• **Task brief**
Please return every line of the material verbatim and skip any images.

• **Information shown**
_ _ _
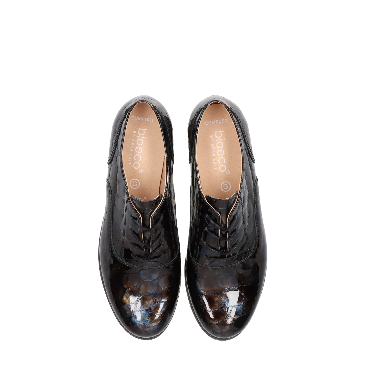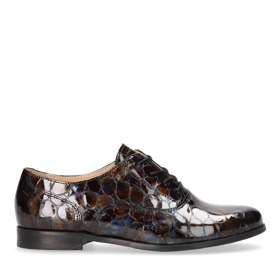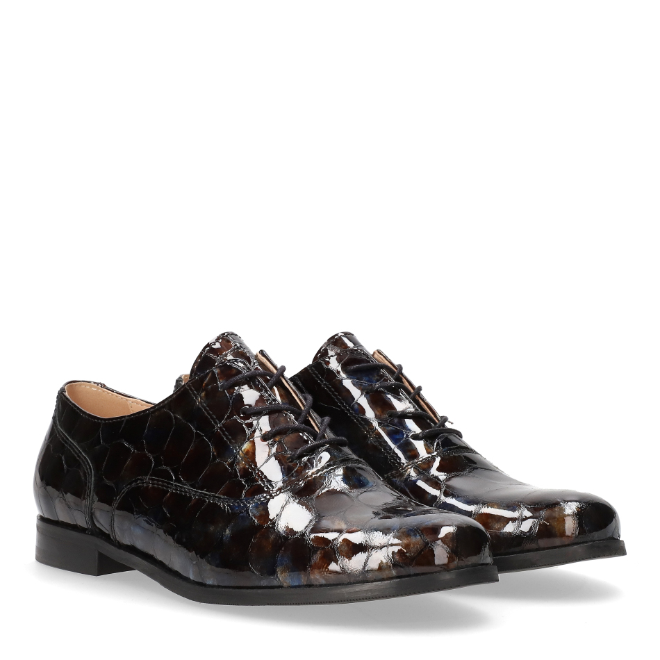 Klasyczne Półbuty sznurowane – Lakierowana Skóra z Efektem Multikolorowej Łuski
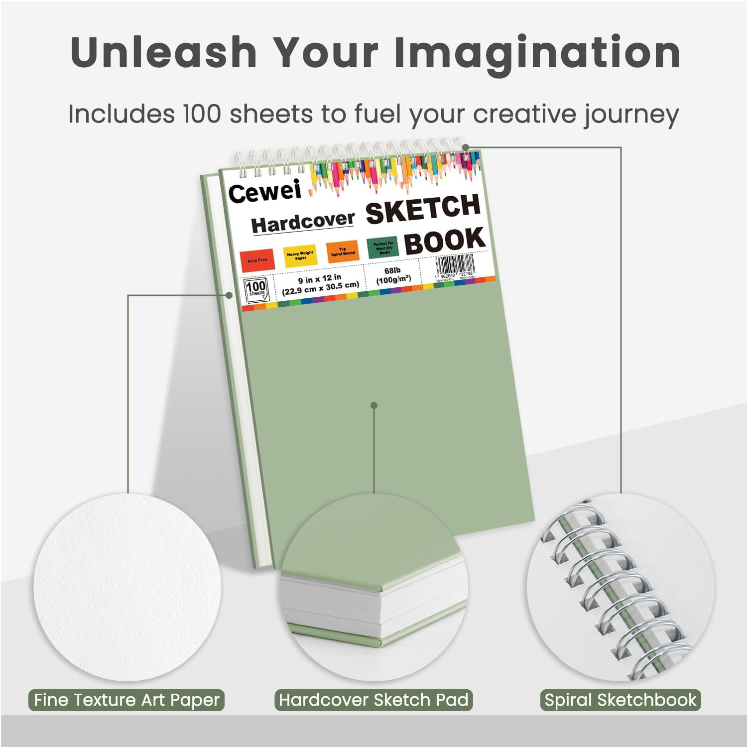 - Premium Paper Quality, 100 Sheets Total:This sketch book for kids ages 8-12 girls comes with a soothing sage green hardcover, evoking a peaceful, nature-inspired vibe. With a spacious 9 x 12 sketch book for girls 10-12 layout and 100 smooth white pages, it’s a calm and focused girls sketch book for home learning or outdoor sketching.
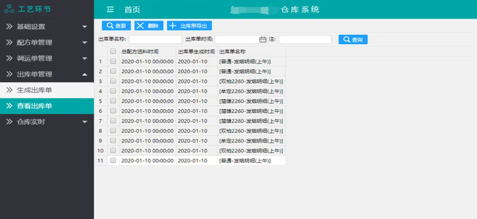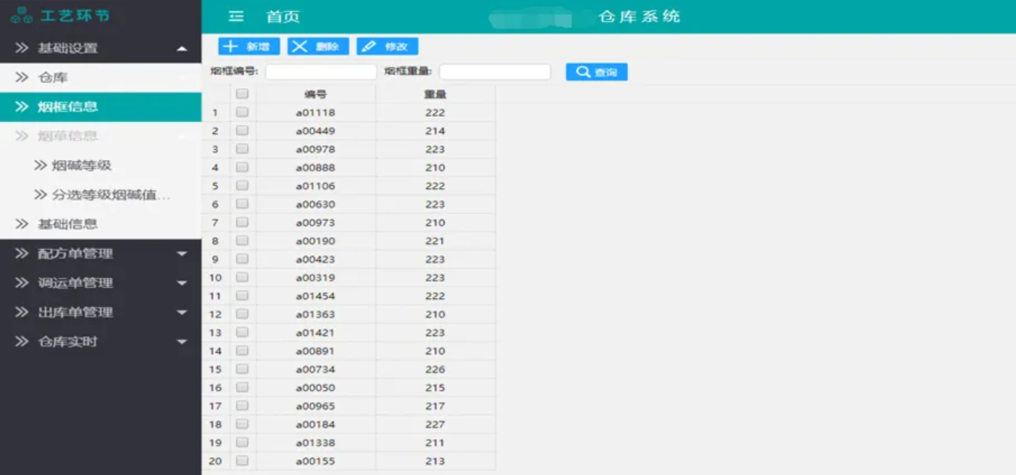 主要包含原煙分選、選葉檢驗、分組縫包、煙包/煙框交接、煙包/煙框入庫、出庫管理、查詢庫存、移庫、備料投料等功能。
_ _ _
• **Written reply**
 Klasyczne Półbuty sznurowane – Lakierowana Skóra z Efektem Multikolorowej Łuski
 - Premium Paper Quality, 100 Sheets Total:This sketch book for kids ages 8-12 girls comes with a soothing sage green hardcover, evoking a peaceful, nature-inspired vibe. With a spacious 9 x 12 sketch book for girls 10-12 layout and 100 smooth white pages, it’s a calm and focused girls sketch book for home learning or outdoor sketching.
 主要包含原煙分選、選葉檢驗、分組縫包、煙包/煙框交接、煙包/煙框入庫、出庫管理、查詢庫存、移庫、備料投料等功能。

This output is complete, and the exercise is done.